You may not have heard of oromandibular dystonia (OMD) before, perhaps because it's a very rare condition. Here's more about it.
What Is Oromandibular Dystonia (OMD)?
OMD is a rare disorder that causes uncontrollable tonic muscle contractions in the face, jaws and tongue. The contractions can happen during jaw opening or closing, and with tongue movement, explains the Dystonia Medical Research Foundation. The end result can be facial-deforming movements and difficulty chewing and speaking.
Other parts of the body can experience similar contractions of muscles, resulting in awkward body positions. The diagnosis of OMD is given when only the facial region is affected. It is classified as primary if it is inherited or not associated with another disease or condition. Secondary OMD is associated with another disease like Parkinson's, and the etiology is usually idiopathic or unknown.
Prevalence of Oromandibular Dystonia (OMD)
This disorder is very rare. Overall, about three people out of every million have OMD, according to a report in Seminars in Speech and Language. The patient is usually in the age range of 40 to 86, with the mean age of 66, and women are four times more likely than men to develop OMD.
Symptoms and Effects of Oromandibular Dystonia (OMD)
The uncontrollable contractions and movements of this disorder can lead to many side effects. Speech difficulties, eating problems, swallowing issues and dental problems are possible, as well as depression and other psychological impacts. Associated dental issues include:
Treatment for Oromandibular Dystonia (OMD)
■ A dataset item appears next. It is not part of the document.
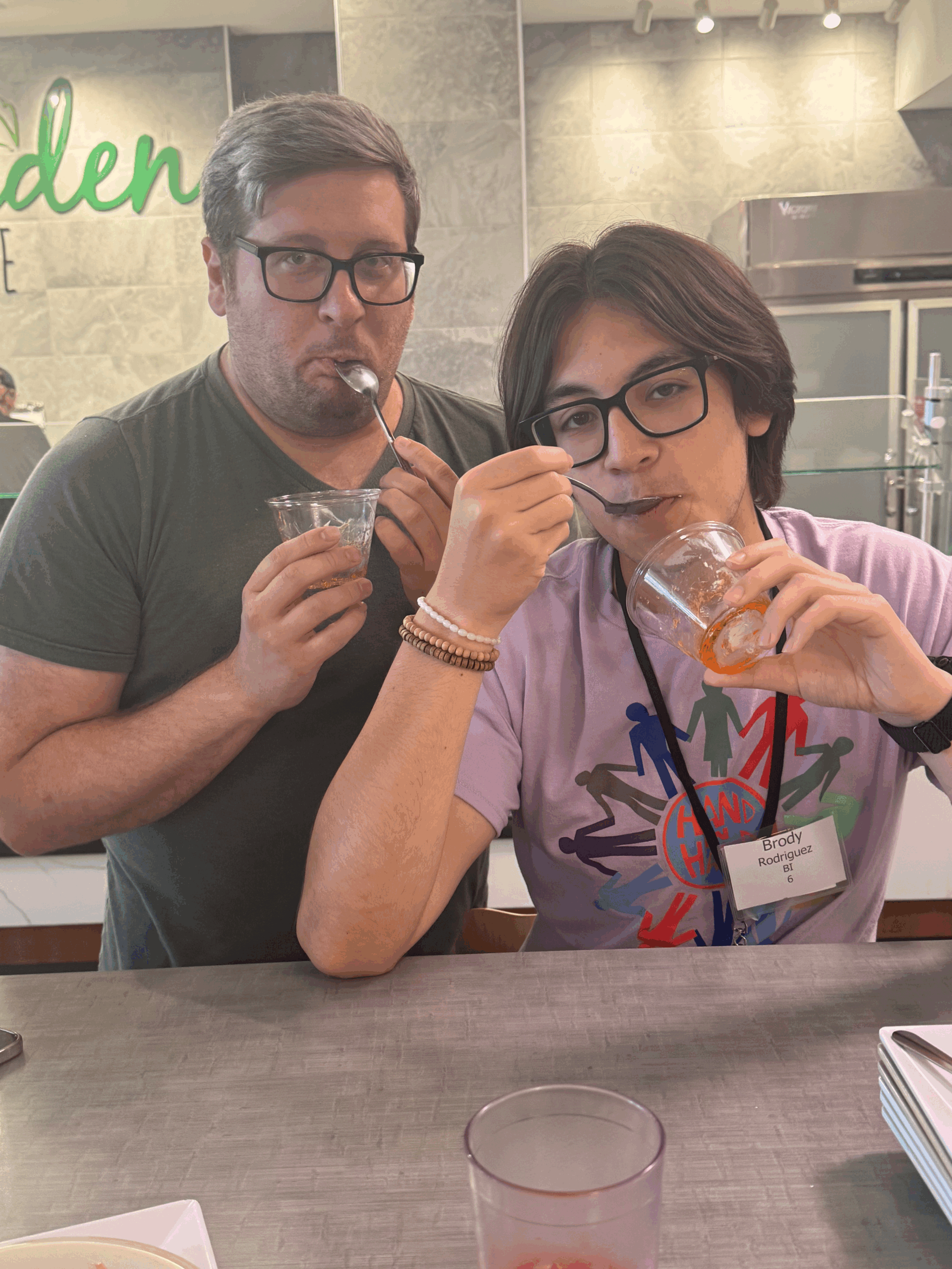 Each day during our meals, especially lunch, many shenanigans take place. Today, Matt and Brody decided to “chug” their jello to “honor” a previous member who did this on our tour in June (shoutout Teigue). Definitely hilarious and entertaining to watch. We know how to sing AND have fun.

There is no ideal treatment for oromandibular dystonia, but a few approaches can help to alleviate symptoms. A dental bite block is often used to create jaw stability. Positioning a block between the upper and lower jaw holds them in a better position to control the involuntary muscle contractions. Neurosurgery is also sometimes recommended to affect the area of the brain associated with the dystonia.
Medications like trihexyphenidyl, diazepam and clozapine can also help control the disorder, but only to a modest level. The most promising treatment available is the use of Botox injections (the toxin botulinum) to paralyze the muscles creating the dystonia.
From diagnosis through treatment, oromandibular dystonia can be a challenge, and it takes a team of physicians, speech pathologists and dentists working together to help improve a patient's quality of life.